I stared at it for a moment, fear washing over me.
“What the hell is this?” I asked, trembling in place. I had to maintain my composure. Nathan was trying to put me off balance. He was trying to make me need him. I could see right through this game—he’d put someone in my bedroom and had them take pictures of me. He had to…

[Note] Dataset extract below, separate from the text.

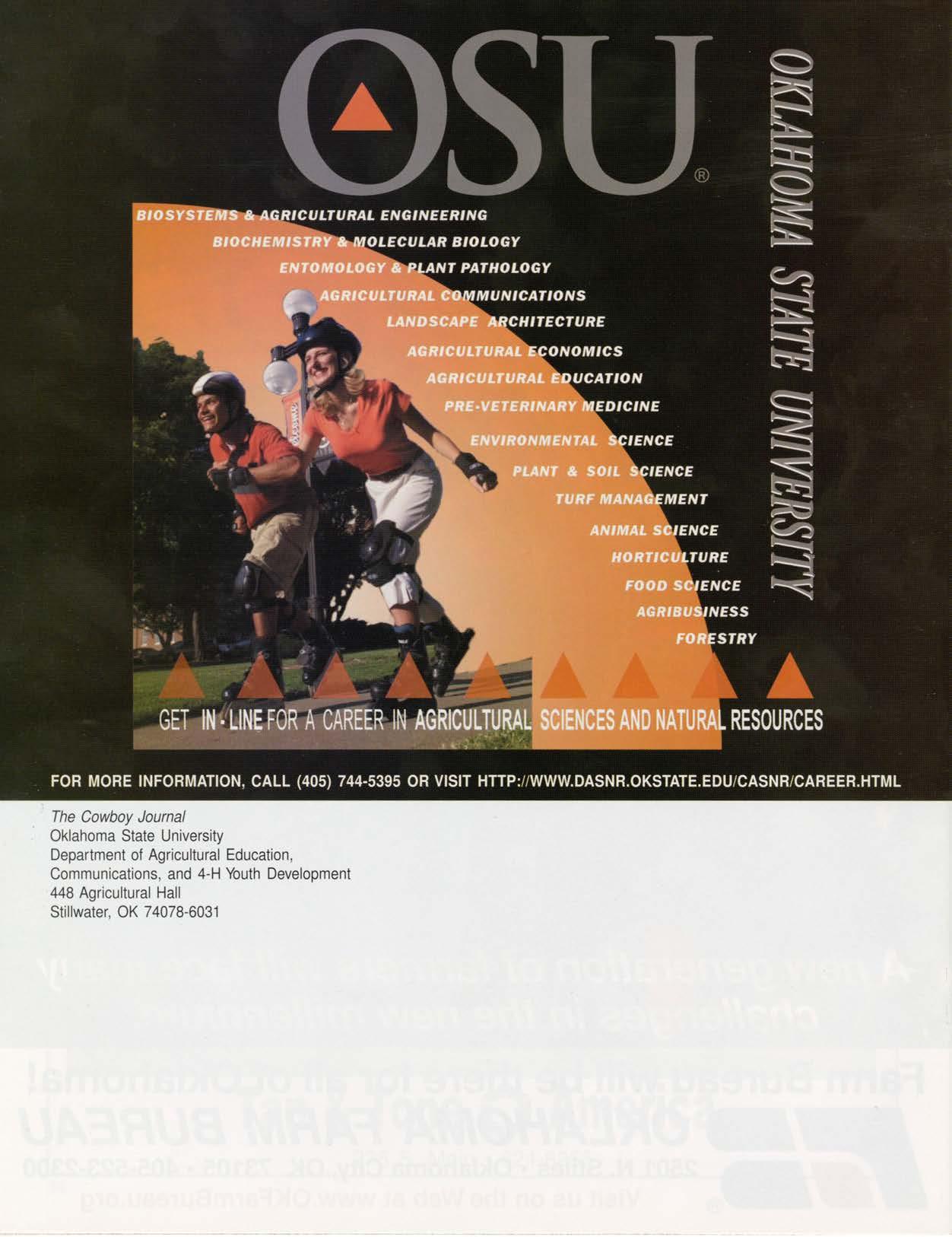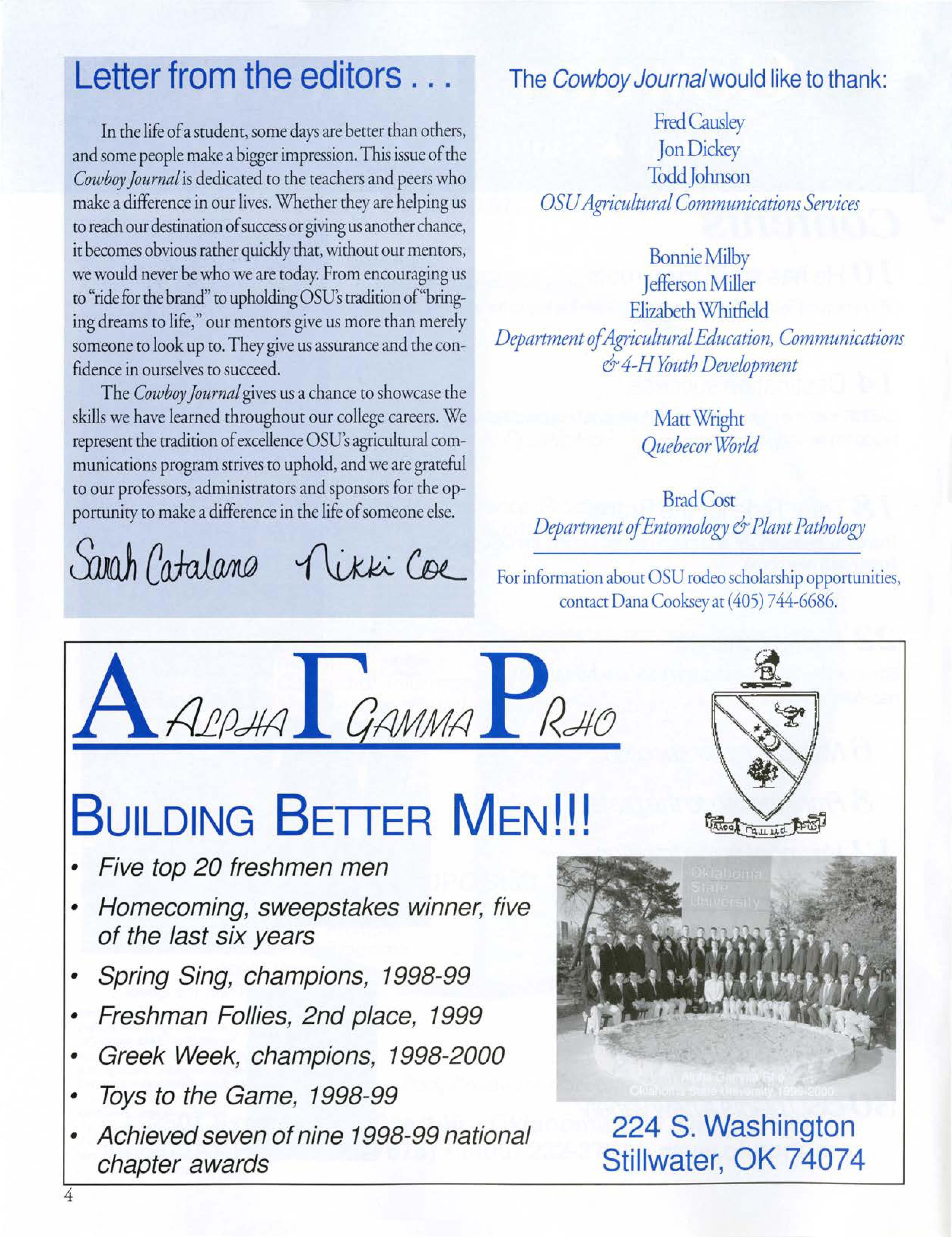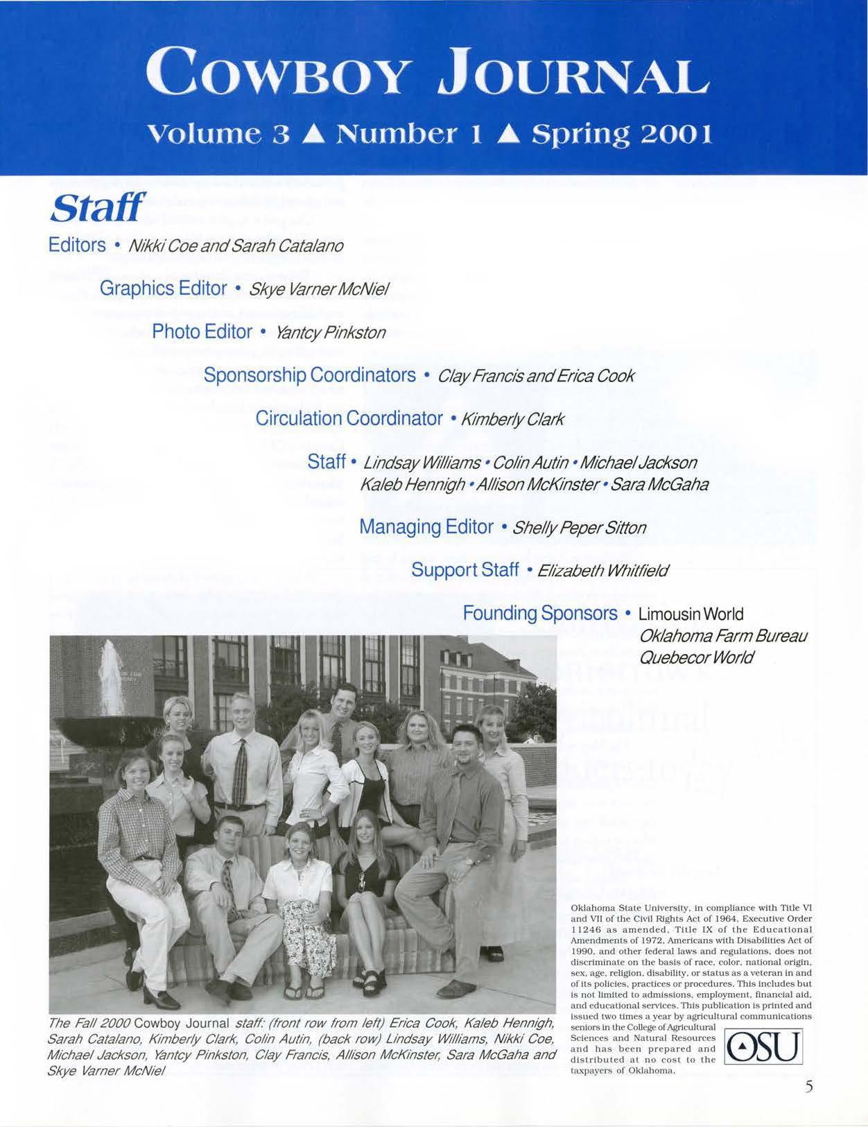The Cowboyjournalgivesus a chanceto showcaseche skillswe havelearnedthroughout our collegecareers.We representthe traditionof excellenceOSU'sagriculcuralcommunicationsprogramstrive to uphold,and wearegrateful to our professors,administratorsand spon ors for the opportunityro makea differencein the lifeof someoneelse.

“Did someone hurt you?” he asked, his eyes suddenly alight with an angry, terrified fire. “So help me God, if someone hurt you…”
“I’m okay. Nobody hurt me. I didn’t even know they were there,” I whispered, sitting down on the cot next to him. He seemed sincere, and that set warning bells off in my mind. Was he playing me for a fool? Was this whole thing an act? Did Nathaniel Hale have me photographed in my own bed? And if he didn’t, who the hell did?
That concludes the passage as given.